**Your task:**
Images are to be excluded, and the rest of the data repeated exactly.

**Source material:**
____

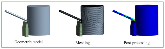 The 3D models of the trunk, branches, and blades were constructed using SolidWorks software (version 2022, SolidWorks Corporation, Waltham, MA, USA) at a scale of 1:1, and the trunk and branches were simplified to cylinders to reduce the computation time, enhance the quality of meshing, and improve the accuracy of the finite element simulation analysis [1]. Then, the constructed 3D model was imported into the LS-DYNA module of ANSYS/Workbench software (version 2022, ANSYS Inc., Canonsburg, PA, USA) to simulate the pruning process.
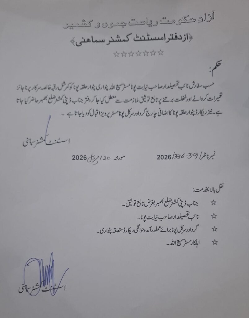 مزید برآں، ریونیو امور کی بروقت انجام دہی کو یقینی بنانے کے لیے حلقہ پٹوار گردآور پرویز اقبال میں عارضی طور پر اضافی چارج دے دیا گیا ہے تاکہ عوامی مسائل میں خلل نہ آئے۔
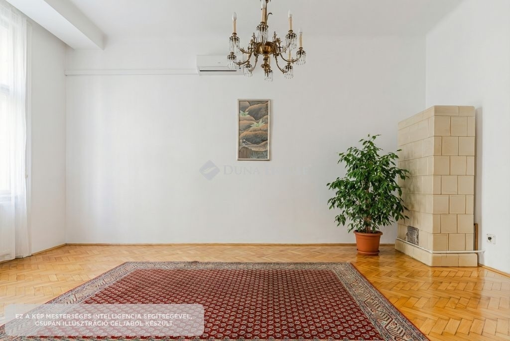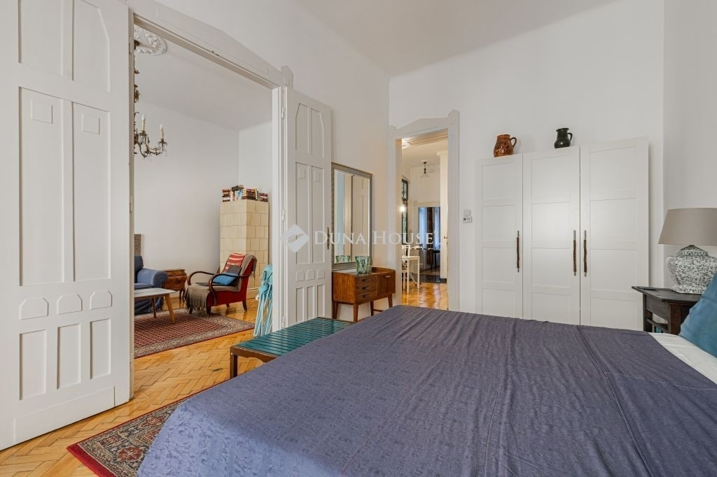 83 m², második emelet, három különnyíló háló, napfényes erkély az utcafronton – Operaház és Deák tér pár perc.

____

**Reply to the exercise:**
 The 3D models of the trunk, branches, and blades were constructed using SolidWorks software (version 2022, SolidWorks Corporation, Waltham, MA, USA) at a scale of 1:1, and the trunk and branches were simplified to cylinders to reduce the computation time, enhance the quality of meshing, and improve the accuracy of the finite element simulation analysis [1]. Then, the constructed 3D model was imported into the LS-DYNA module of ANSYS/Workbench software (version 2022, ANSYS Inc., Canonsburg, PA, USA) to simulate the pruning process.
 مزید برآں، ریونیو امور کی بروقت انجام دہی کو یقینی بنانے کے لیے حلقہ پٹوار گردآور پرویز اقبال میں عارضی طور پر اضافی چارج دے دیا گیا ہے تاکہ عوامی مسائل میں خلل نہ آئے۔
 83 m², második emelet, három különnyíló háló, napfényes erkély az utcafronton – Operaház és Deák tér pár perc.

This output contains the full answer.